Sekretaris Perusahaan KIJA Muljadi Suganda mengatakan IDXSHAGROW merupakan indeks yang berisi 30 saham syariah yang dipilih berdasarkan sejumlah kriteria, mulai dari pertumbuhan laba bersih dan pendapatan relatif terhadap harga saham, likuiditas perdagangan, hingga indikator keuangan lainnya.

"Perubahan komposisi indeks dilakukan secara berkala berdasarkan hasil review dan pemeringkatan sesuai metodologi yang berlaku. Oleh karena itu, perubahan status keanggotaan lebih mencerminkan hasil evaluasi relatif terhadap emiten lain pada periode review tersebut," terangnya kepada Bisnis, Kamis (4/6/2026).

Dia menegaskan saham KIJA hingga saat ini masih tercatat sebagai konstituen Indeks Saham Syariah Indonesia (ISSI) dan tetap memenuhi kriteria efek syariah berdasarkan Daftar Efek Syariah yang diterbitkan Otoritas Jasa Keuangan (OJK).

Menurutnya KIJA akan tetap berfokus pada penguatan fundamental usaha melalui peningkatan profitabilitas, pertumbuhan pendapatan yang berkelanjutan, dan penciptaan nilai jangka panjang bagi pemegang saham.

Senada, Founder Jababeka SD Darmono menegaskan keluarnya KIJA dari indeks syariah tidak otomatis menunjukkan bahwa perusahaan berada dalam kondisi yang buruk atau tidak sehat.

"Perubahan metodologi dan standar yang semakin ketat menyebabkan sejumlah emiten mengalami penyesuaian klasifikasi. Kami menghormati keputusan tersebut dan akan terus melakukan evaluasi terhadap struktur bisnis dan pembiayaan perusahaan," ujarnya.

Dia juga merespons isu terkait data ESG yang dinilai belum lengkap dalam sejumlah sistem pemeringkatan internasional. Menurutnya, proses pelengkapan data dan penyesuaian pelaporan masih terus berjalan mengikuti standar terbaru yang ditetapkan BEI.

"Transparansi adalah proses yang terus kami perbaiki," katanya.

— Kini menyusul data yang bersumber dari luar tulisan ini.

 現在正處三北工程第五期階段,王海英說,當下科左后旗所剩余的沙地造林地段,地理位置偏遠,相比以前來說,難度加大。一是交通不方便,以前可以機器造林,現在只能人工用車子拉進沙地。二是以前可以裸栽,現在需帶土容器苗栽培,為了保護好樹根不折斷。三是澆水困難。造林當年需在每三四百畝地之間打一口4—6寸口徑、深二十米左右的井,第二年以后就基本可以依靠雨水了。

Adapun BEI telah melakukan evaluasi mayor terhadap sejumlah indeks syariah untuk periode Juni-November 2026. Hasilnya, delapan saham resmi dikeluarkan dari perhitungan indeks IDX Sharia Growth (IDXSHAGROW) yang berlaku efektif mulai 2 Juni 2026.

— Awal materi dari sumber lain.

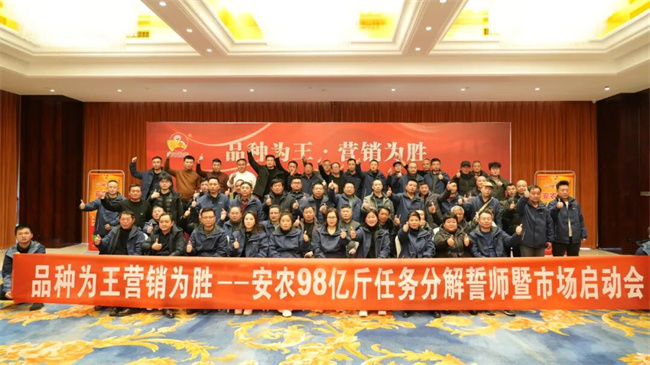 1月11日,安徽皖农种业以“品种为王·营销为胜”为主题,在宿州召开安农98亿斤任务分解誓师暨市场启动会。会议围绕安农98这一核心品种,明确亿斤目标,全面启动市场攻坚行动,进一步深化与代理商的协同合作,加快小麦市场布局步伐。

Berdasarkan pengumuman BEI, saham yang keluar dari IDXSHAGROW meliputi PT AKR Corporindo Tbk. (AKRA), PT Astra International Tbk. (ASII), PT Barito Pacific Tbk. (BRPT), PT Vale Indonesia Tbk. (INCO), PT Japfa Comfeed Indonesia Tbk. (JPFA), PT Kawasan Industri Jababeka Tbk. (KIJA), PT MNC Tourism Indonesia Tbk. (KPIG), dan PT Mark Dynamics Indonesia Tbk. (MARK).

_____

Disclaimer: berita ini tidak bertujuan mengajak membeli atau menjual saham. Keputusan investasi sepenuhnya ada di tangan pembaca. Bisnis.com tidak bertanggung jawab terhadap segala kerugian maupun keuntungan yang timbul dari keputusan investasi pembaca.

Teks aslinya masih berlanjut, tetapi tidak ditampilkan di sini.